Неудивительно, что они не услышали, когда мы приехали. Конюший указал рукой отцу на эту парочку, как будто хотел сказать: а что? Отец улыбнулся.
В гостиной все уже зашевелилось. Бабушка сорвалась с подушек, воскликнув:
— О, Иисусе Христе, Пресвятая Дева! Пан конюший!
Ян отскочил, покраснел; барышня не успела поклониться — убежала.
Однако понемножку все пришло в нормальный порядок; и хотя на лицах выражалась еще тревога, но спокойный и веселый вид пана Грабы, самой страшной здесь фигуры, вскоре успокоил суматоху в доме. Конюший, полагая, что отцу нужно объяснить какие отношения связывают его сына с бедным шляхетским домом, постоянно преследовал Яна и Юлию вместе. Граба, как будто не замечая этого, был очень весел, с хозяином разговаривал о хозяйстве, с бабушкой о генеалогии, с девицами о цветах. Юлия бросала на него испуганный взгляд, как будто умоляющий о пощаде; сын был грустен, но покоен.
Перед самым почти отъездом, когда все поднялись со своих мест, старый Граба подошел к пани Терезе со следующими словами:
— Я приехал сюда не столько для того, чтобы навестить вас, сколько по другому более важному делу.
Все побледнели; конюший зажал рот, ожидая, что будет.
— Я упросил папа конюшего приехать вместе со мной, чтобы торжественно просить руки вашей дочери для моего Яна.
Старушка от удивления не могла промолвить ни одного слова; она не верила своим ушам, ломала руки и упала в кресло.
— Я знаю о его привязанности к панне Юлии, знаю, что вы считаете этот брак неровным, и вежливым образом давали ему заметить о напрасном посещении вашего дома; знаю, что Ян с терпением перенес все, любит панну Юлию, и во всех отношениях будет с нею счастлив, и потому прошу руки вашей дочери для моего сына.

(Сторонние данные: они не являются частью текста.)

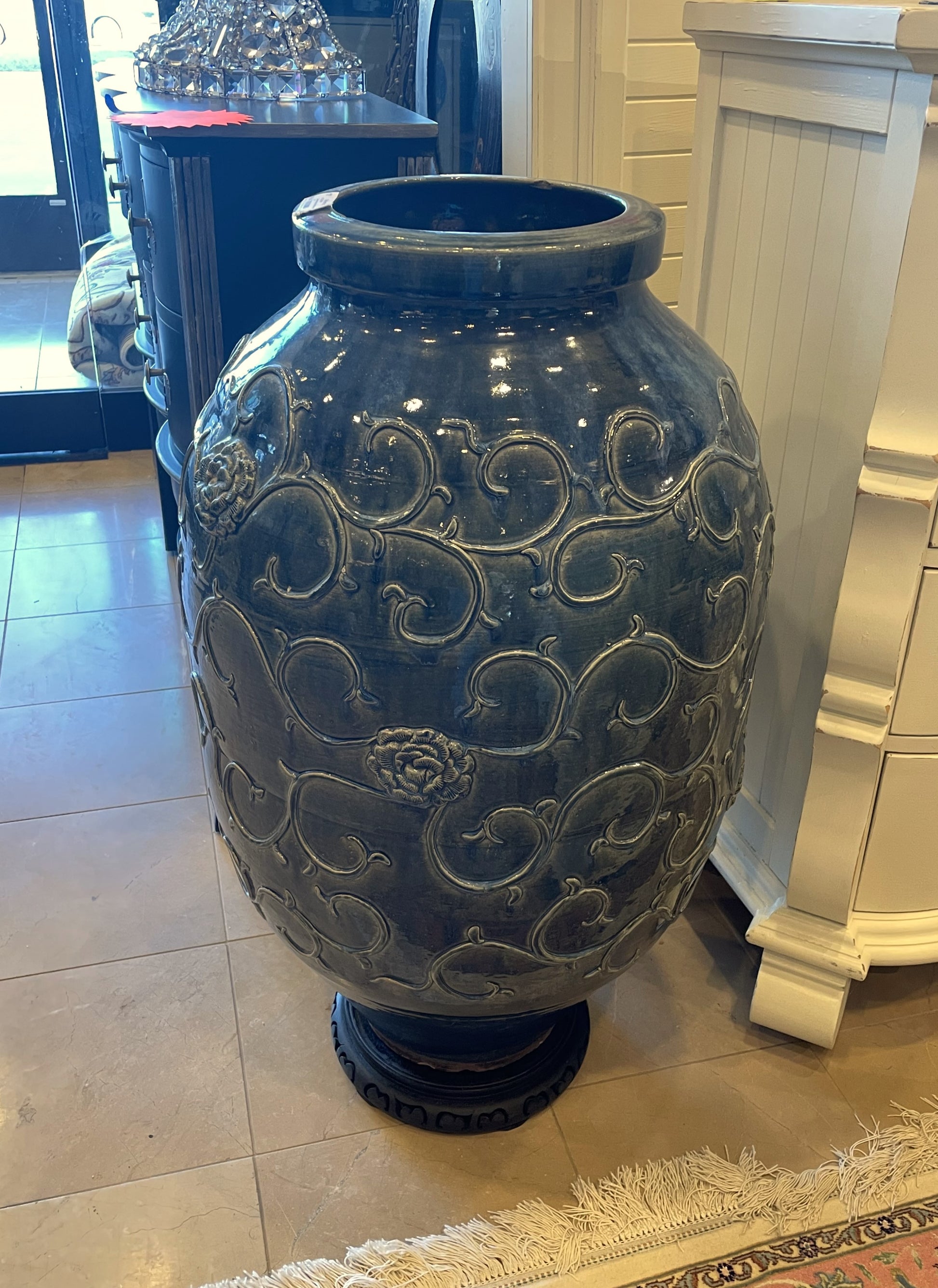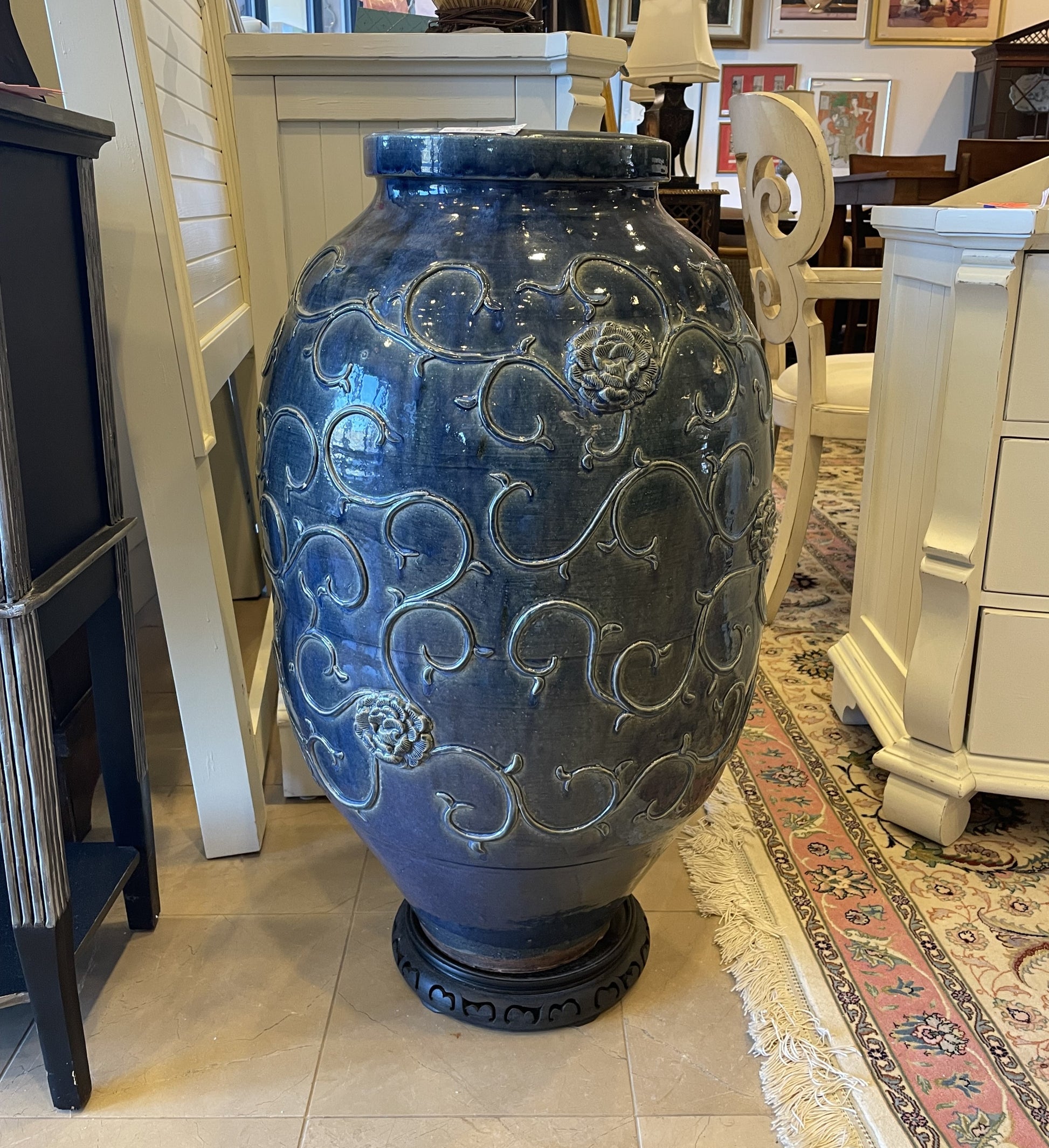 This impressive oversized urn boasts an intricate, swirling floral pattern and a stunning deep blue glaze. The subtle distressing on its highpoints adds character and depth to the piece. The urn is elegantly displayed on a compact wooden stand.
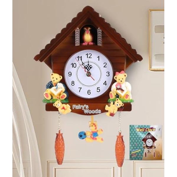 MADE FROM HIGH QUALITY PLASTIC: This cuckoo clock is made of high quality plastic. Every detail is carefully shaped to ensure impeccable quality and longevity. Large Arabic numerals: the time value of this Coo-Coo watch is made of large Arabic numerals. Large, clear numbers and hands, the time display is clear at a glance. There are several colours and patterns available. CUCKOO CUCKOO CUP: This bird clock that sings at every full hour, chirps the cuckoo when the time is up, the physical object moves - the bird pops out, excellent clock to decorate children's rooms. Height: the size of this cuckoo clock for children is approx. 42 cm, large wall clock with large Arabic numerals for easy reading. Batteries not included GREAT GIFT This is a heartfelt gift for anyone who loves to combine old world traditional design with clear modern aesthetics. It will look classy in the study, office, bedroom, living room, kitchen and more. › See more product details
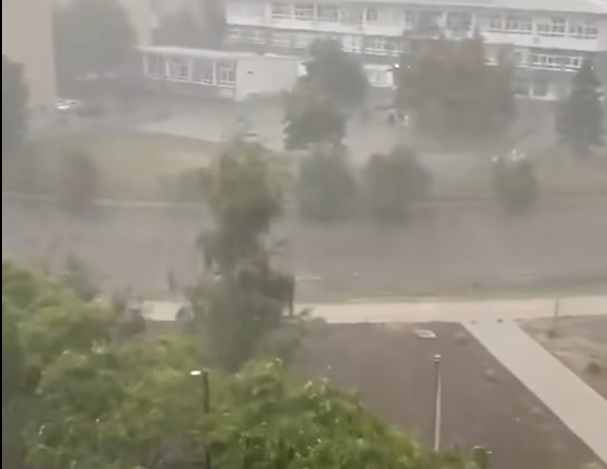 Na snimku objavljenom na društvenim mrežama vidi se kako kiša lije, dok vjetar duva jačim intenzitetom.
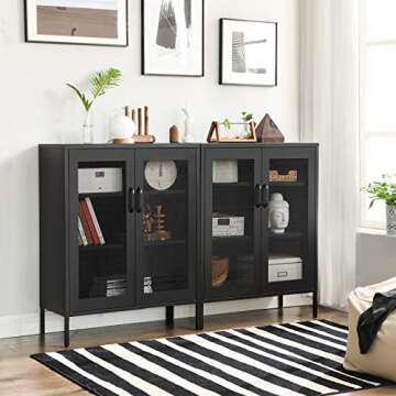 SONGMICS Metal Storage Cabinet with Mesh Doors, Steel Display Cabinets with Adjustable Shelves for Bathroom Home Office, Black UOMC002B01
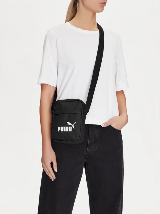 Mladi Puma torbica u klasičnoj crnoj boji idealan je izbor za mlade, aktivne osobe koje cijene sportski stil i funkcionalnost. Izrađena od izdržljivog tekstilnog materijala, karakterizira se lakoćom i trajnošću, što je čini savršenom za svakodnevnu upotrebu. Pretinac na zatvarač omogućuje brz i jednostavan pristup sadržaju, istovremeno osiguravajući njegovu sigurnost. Univerzalni dizajn čini torbicu prikladnom za žene i muškarce. Ova praktična torbica savršeno nadopunjuje svaku sportsku kombinaciju, spajajući udobnost s modernim izgledom.
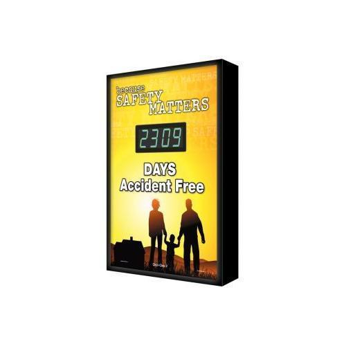 Product Size: 28" x 20", Legend: Because Safety Matters: _ Days Accident Free
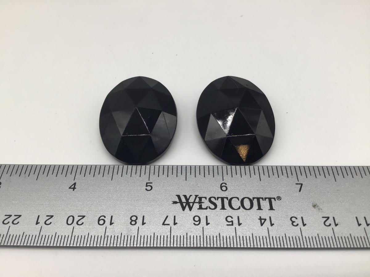 West Germany Vintage Black Onyx Glass Earrings. Marked
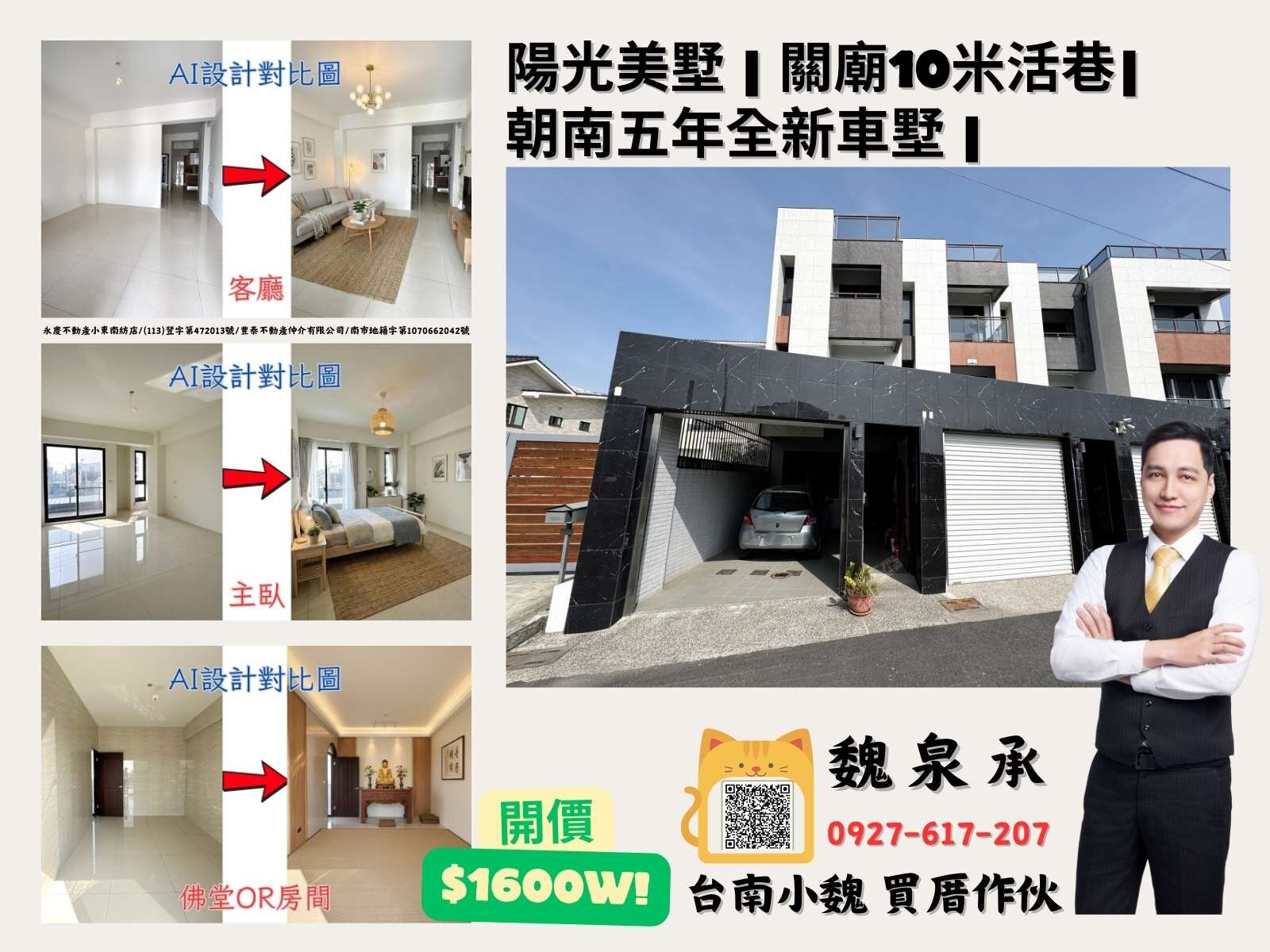 專)台南小魏🔥關廟10米活巷朝南陽光五年全新車墅
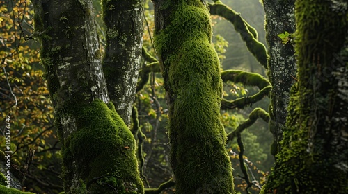 Fototapeta premium Close up lush green moss envelops the trees in the mystical woods of Torla in...
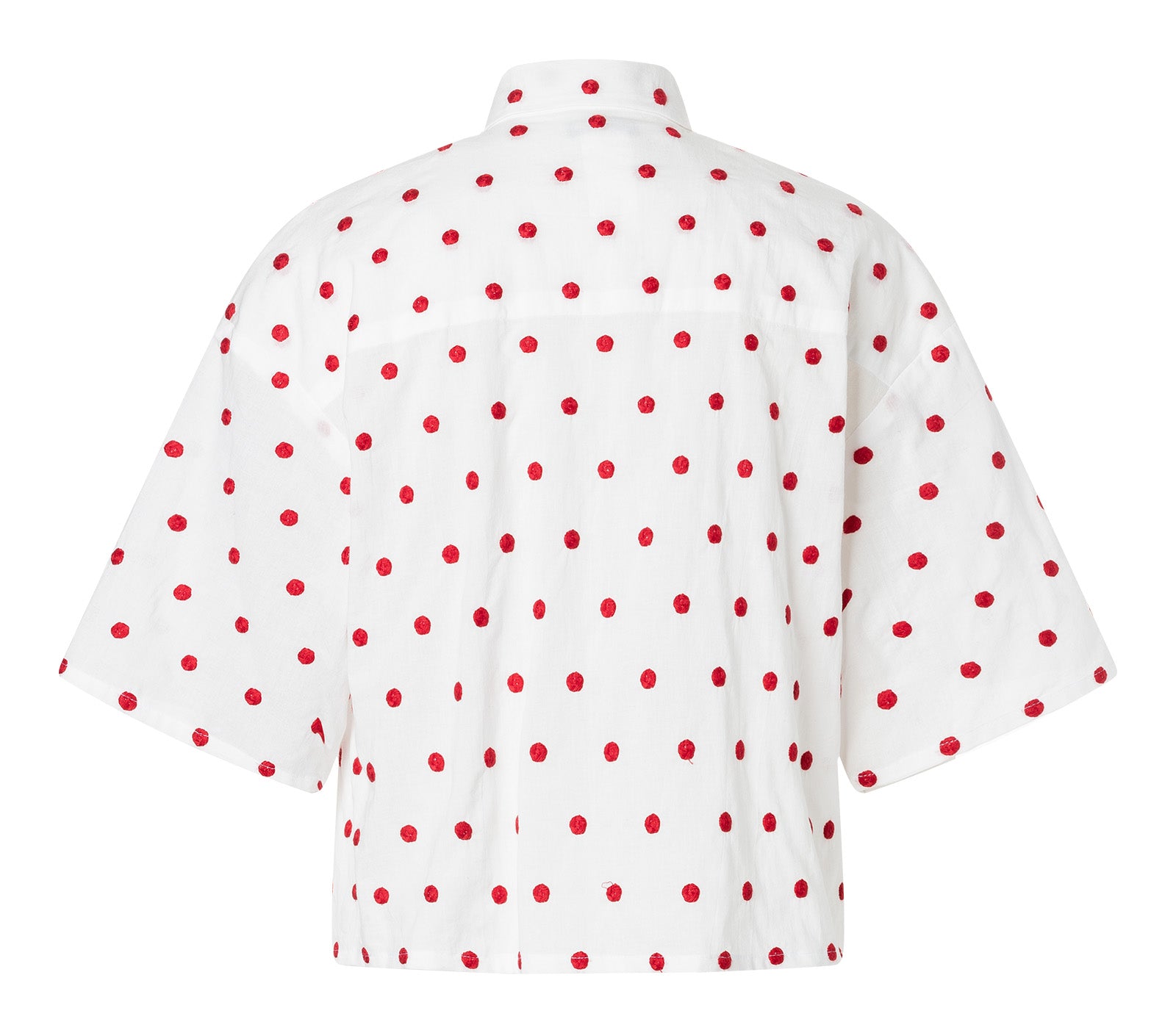 Das Minikleid interpretiert maskuline Elemente wie Hemdkragen, Knopfleiste und XL-Tasche neu und kombiniert sie mit ultrafemininer Lochspitze – ein stilvoller Mix aus Strenge und Romantik. Die kastig geschnittene Bluse mit weiten, krempelbaren Ärmeln überzeugt durch ihre Vielseitigkeit: elegant und puristisch zum Bleistiftrock oder lässig geknotet für entspannte Sommerlooks.

Кто в состоянии описать удивление конюшего, радость честной семьи, и чувство, с которым сын бросился отцу на шею, а старушке к ногам. Действительность показалась сном этому бедному семейству; все плакали от радости; Юлия была почти без чувств. Конюший после минутного остолбенения, потому что никогда не ожидал такого конца, схватил Грабу за руку, сильно пожал ее и сказал:
— Сто тысяч чертей! Я никогда не ожидал этого! Да вознаградит тебя Бог!
Это была чисто драматическая сцена. Юрий был свидетелем ее и потом с увлечением рассказывал мне ее весь вечер.